Hatchepsut, the Pharaoh’s daughter, finds and adopts an abandoned infant when she is still a child herself, and does not understand the enormity of her action.
By rescuing this boy, Hatchepsut finds love in an otherwise loveless existence. He becomes the core of her life and watching him grow into a man of extraordinary ability makes her audacious.
Her ambition for him drives her to seize the throne, becoming the king Egypt needs, so she can raise him to rule the proudest Empire on earth.
But who is this man, and does he have an identity better known beyond the borders of Egypt?
Hatchepsut and Senenmut are well known figures in Egyptian history, and while it has fallen to me to paint the story of their lives where it has been lost, these are people who once lived and breathed.
The Book Blogger Review
What is there to say about this remarkable book?

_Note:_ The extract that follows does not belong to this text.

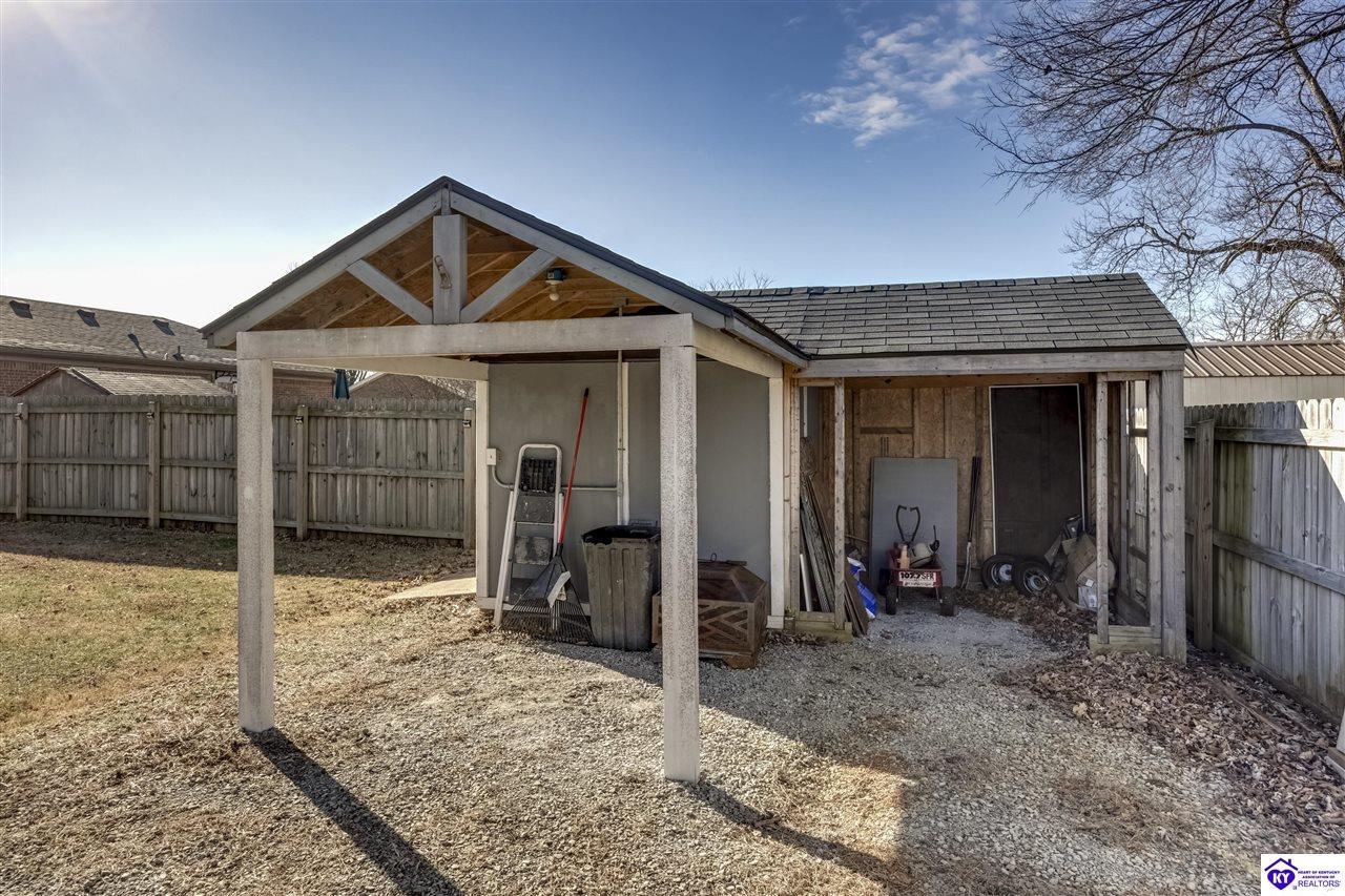 Exterior Covered Front Porch, Storage Shed

If you want to know what the sand feels like in ancient Egypt as it slips through your fingers during a desert sunset then this book will let you sense this and so many other experiences as you journey through the pages. I am not an Egyptologist, I read this for the human interest story, and that is just as remarkable as the huge amount of research in the book. The author has used a comprehensive endnote system which will interest the academic but doesn’t overwhelm the reader who is not an expert. The writing style is accessible, preventing what might have been a stilted narrative, into one which flows from one vividly drawn scene to another. The characters are strong, the complexities of the politics akin to something you’d find in Games of Thrones – except this really happened.
It’s an extraordinary book. Poignant, compelling, strangely relevant in today’s world with women still struggling to be heard, especially in global politics of the Middle East. Taking historical characters, who have been almost wiped from the face of the world, and turning their stories into something this real, takes dedication and true artistic talent.
A love story, an adventure story, one of history and of power but most of all it’s a human story. One about a woman struggling to break the chains of her social cage to rise, to survive, and to find love. This book is not just about Egypt, it is about the eternal struggle of fighting for the life we want for those we love and therefore it is profoundly human and relevant.